Problem details -> Scan the records beneath this line for the line holding "男性向けラノベタイトル風あだ名 | 『いそようたの嫁は女の子じゃないと思った?』 |" and the line holding "DroidKit – Android", then transcribe exactly those two and all lines between.

--- Dataset extract Enclosed Below ---

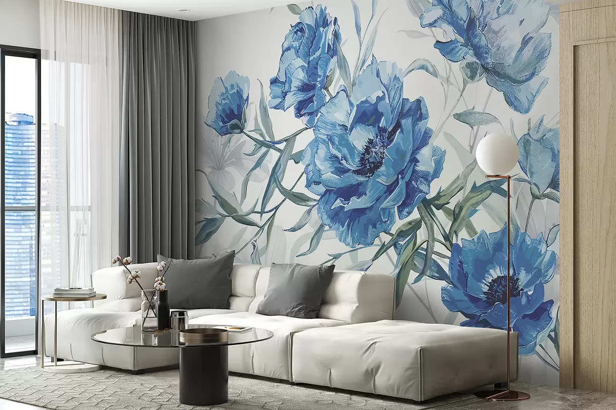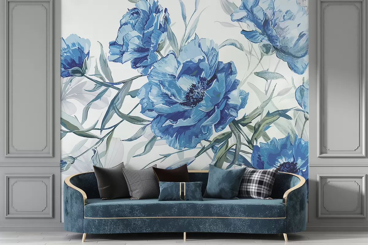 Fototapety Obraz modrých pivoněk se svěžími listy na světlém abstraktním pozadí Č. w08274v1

--- End of Enclosed Dataset extract ---
--- Dataset extract Enclosed Below ---

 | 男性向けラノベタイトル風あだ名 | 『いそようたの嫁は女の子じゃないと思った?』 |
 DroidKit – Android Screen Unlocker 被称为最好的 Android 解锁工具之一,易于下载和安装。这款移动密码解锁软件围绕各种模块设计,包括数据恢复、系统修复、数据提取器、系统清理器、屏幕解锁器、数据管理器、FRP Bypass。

--- End of Enclosed Dataset extract ---

Solution to this problem ->
 | 男性向けラノベタイトル風あだ名 | 『いそようたの嫁は女の子じゃないと思った?』 |
 DroidKit – Android Screen Unlocker 被称为最好的 Android 解锁工具之一,易于下载和安装。这款移动密码解锁软件围绕各种模块设计,包括数据恢复、系统修复、数据提取器、系统清理器、屏幕解锁器、数据管理器、FRP Bypass。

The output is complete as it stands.